かつて天義という国を滅ぼしかけた存在であり、事実ローレット・イレギュラーズたちのもたらした奇跡がなければ滅んでいたとまで言われる大事件。いわゆる『冥刻のエクリプス』事件の首謀者である。
事件の始まりはといえば、国内に死んだ筈の人間がかつての姿で帰ってくるという月光人形事件からであった。国内は混乱し、その隙を突くかのように数々の大事件が勃発。
大司教が魔種であった事実や大物執政官の政治的腐敗、国家的大事件であった『コンフィズリーの不正義』が偽りであったという事実の発覚や、法王を狙ったテロリズム。
しかし最も強烈に、そして悪夢のように焼き付いているのが『煉獄篇第五冠強欲』ベアトリーチェ・ラ・レーテが天義の大地に展開した『暗黒の海』である。
汚泥の世界とも呼ばれるこれは、ベアトリーチェ・ラ・レーテの展開した固有結界のようなものであり、汚泥の軍勢が支配する魔境であった。
「その『汚泥の兵』が殉教者の森に展開しているって言うの?」
死者は蘇らない。それは冠位魔種ですらあらがえない世界絶対のルール。ベアトリーチェの再来という可能性を一旦脳内で除外し、アンナは別の可能性を模索した。
模索とはいったが、暗中に手を翳すようなもの。今は情報が少なすぎる。
なにかヒントはないかと手紙を読み進めると……簡潔な文体で『殉教者の森へ行け』という旨の文章で終わっていた。
というより……「ベアトリーチェらしき影あり、殉教者の森へ行け」という極めて簡潔な文章しかそこにはなかった。驚きのあまり時間や思考が引き延ばされたのだと気付いて、アンナはほっと息をつく。
だが、少しだけわかる。
文字のどこか角々しい筆体の中に混じるまるみや、インクの太さからわかる万年筆を押す力のやわらかさ。少ない字数でありながら、アンナへの温かみのようなものが、その手紙からは感じられたのだった。三年前に触れたあの温かい手を、思い出す。
紙片に焚き付けられたであろうどこか爽やかな香りを吸って、アンナはきびすをかえす。
「殉教者の森へ行くわ。今頃ローレットにも同じような情報が入ってるだろうから」
●ワールドイーター
ローレット天義支部は混雑し、複数の依頼書が情報屋によって発行されている。
アンナが手に取ったそれは、やはり殉教者の森に関するものだった。
「『殉教者の森』は鉄帝天義間にある深い森です。木々の影響で非常に暗く、ある意味国を隔てる森といって良いでしょう。
かつては鉄帝国が領土を主張したこともありましたが、『気高く聳え立つ聖塀』の建設以降天義領として続いています。ですがその『聖門』が勝手に開かれ、森には『汚泥の兵』が大量に沸いています。それだけではなく……」
言いよどむ情報屋、アンナが怪訝そうに先を促すと、情報屋はROOに関する資料を開いた。

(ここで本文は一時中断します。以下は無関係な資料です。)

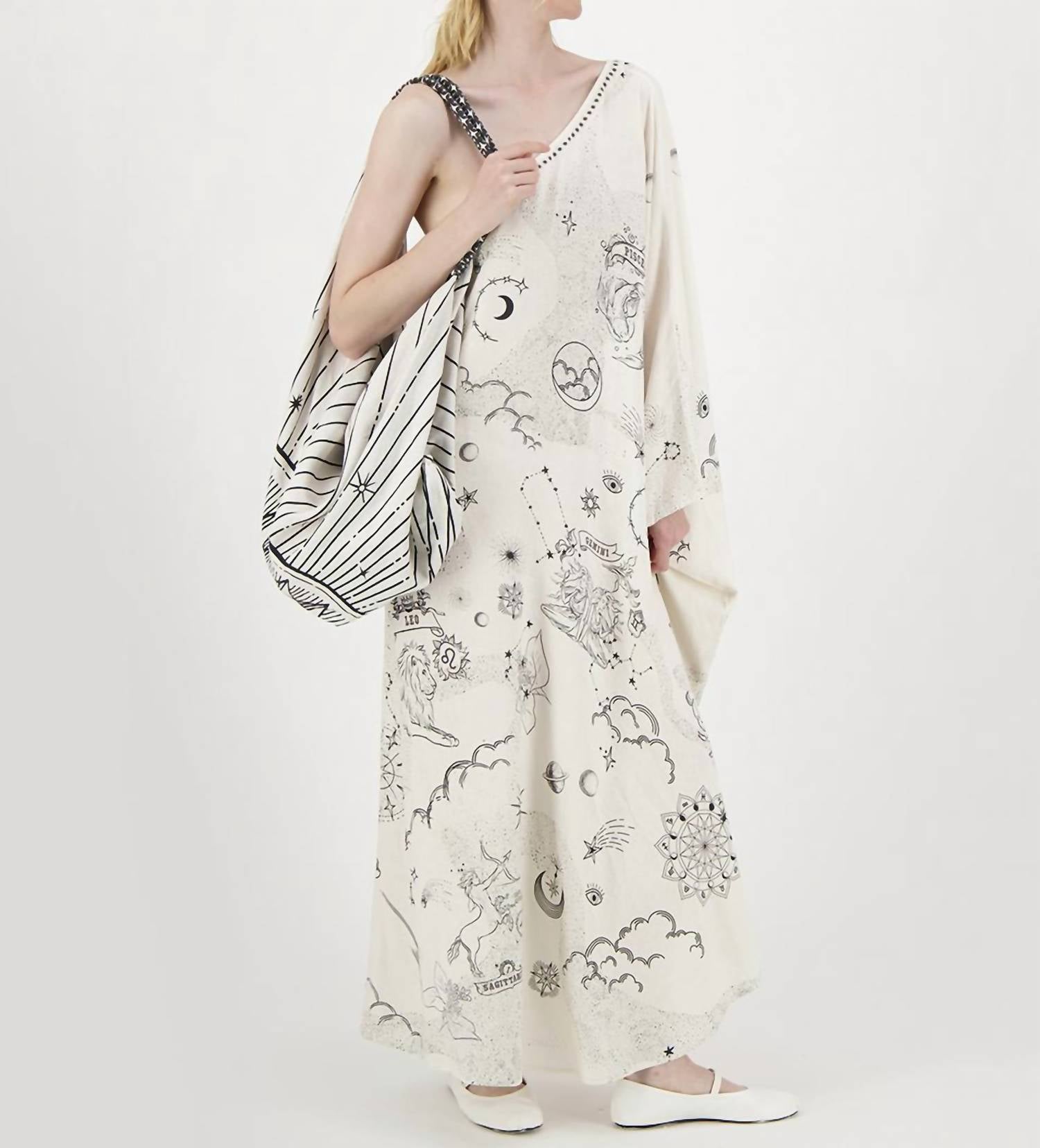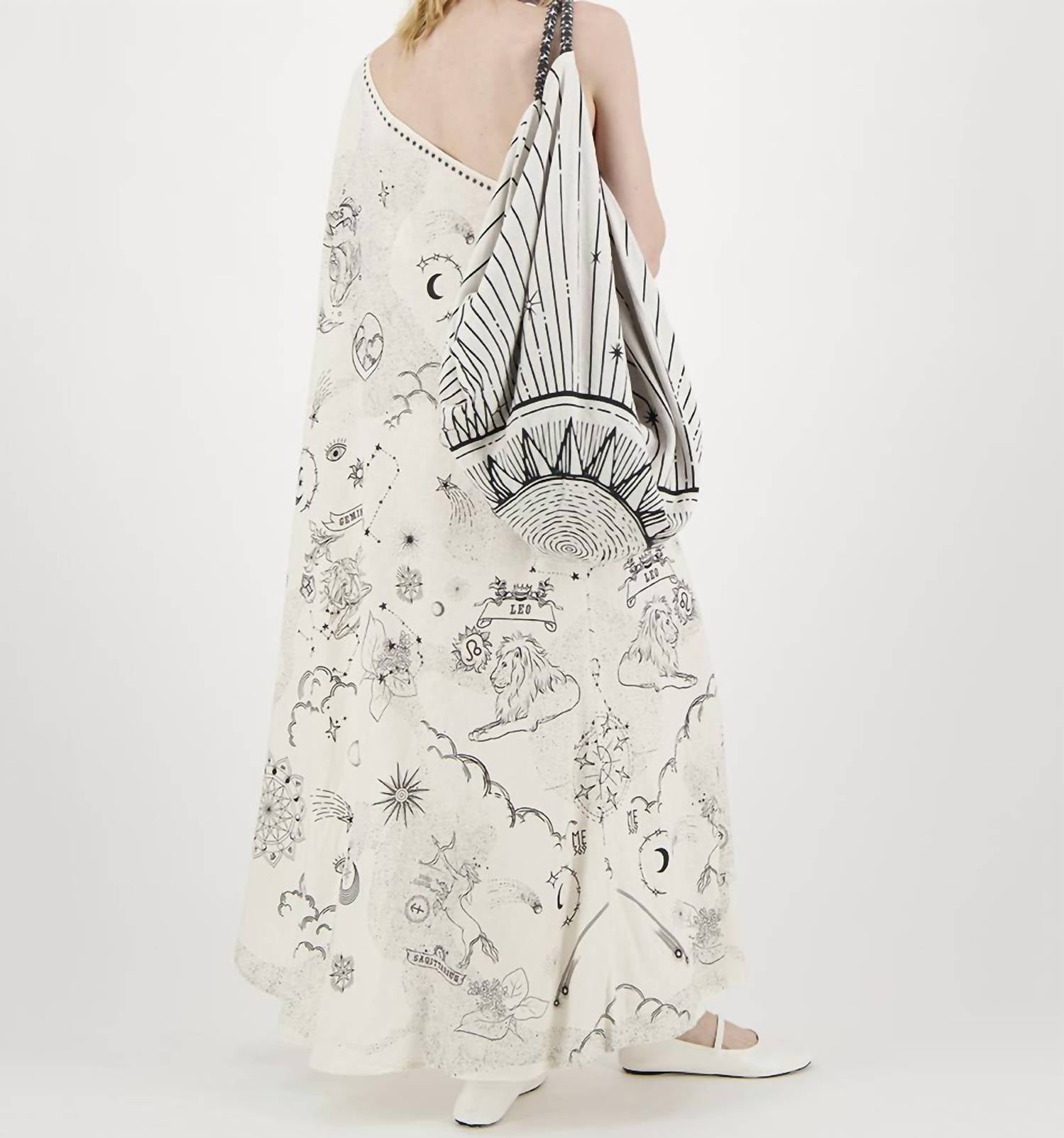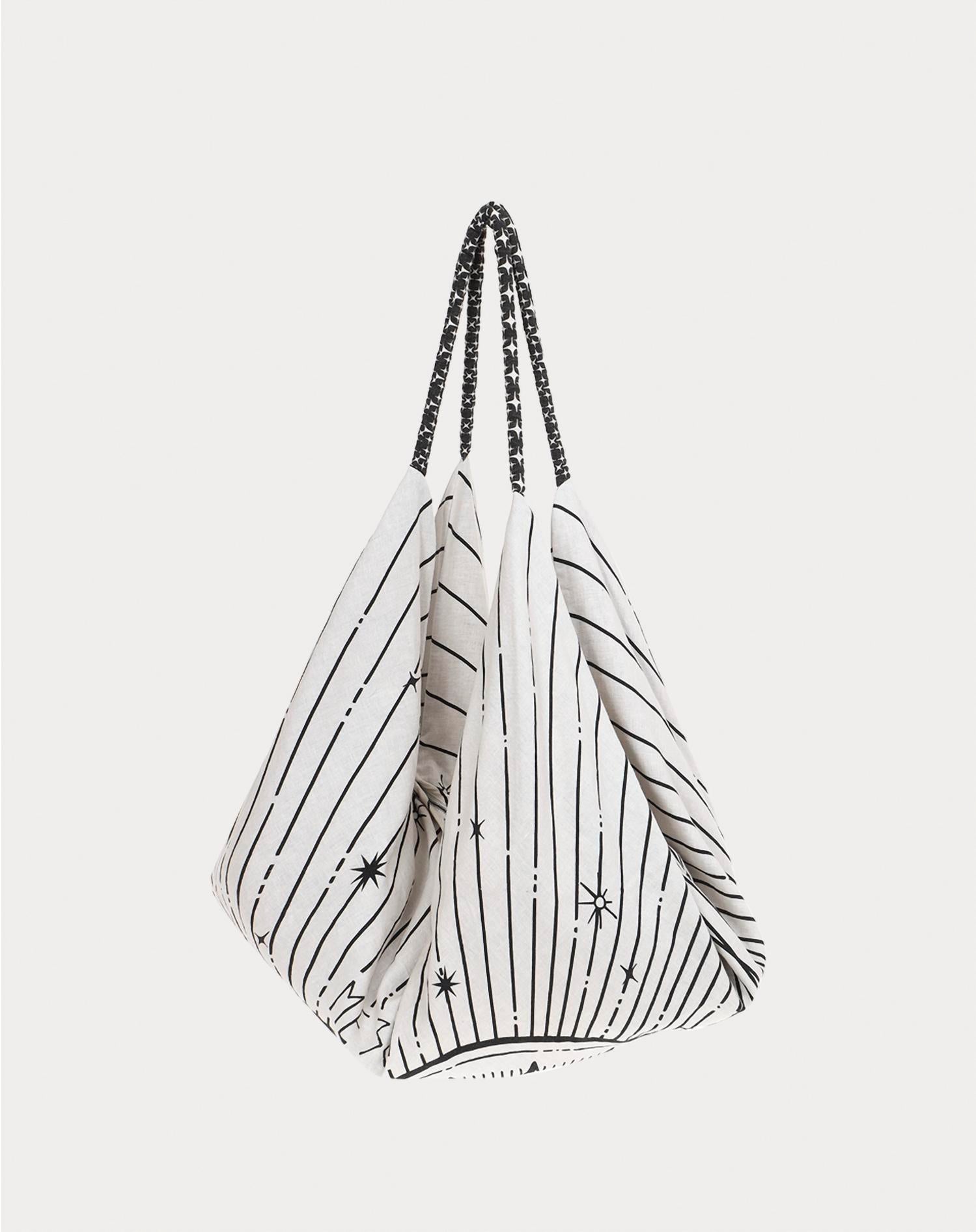 Introducing the Women's Mika Zodiac Bag by Me369, embodying energy and creativity in an off-white and black zodiac print. This slouchy shoulder bag features an open top design, perfect for your ME time, any day. The composition includes a luxurious blend of 55% linen and 45% viscose, offering a unique texture. Explore style redefined with every wear of this distinctive piece.

「ROOネクスト世界内にて確認された『ワールドイーター』。これが同時に出現しているそうです」
その事件は知っている。ROO内の天義に相当する国を滅ぼしかけた怪物だったはずだ。
「それが、現実にも……一体何が起きてるの?」
「それを今から確かめるんです。といっても、やるべきことは怪物の討伐なのですが」
そう、依頼内容は『影の軍勢』の討伐。
国境を越え鉄帝国へ進軍する彼らを放置すれば、いずれは帝国の弱者達がその餌食となるだろう。新皇帝が弱者を守って派兵するなどありえないからだ。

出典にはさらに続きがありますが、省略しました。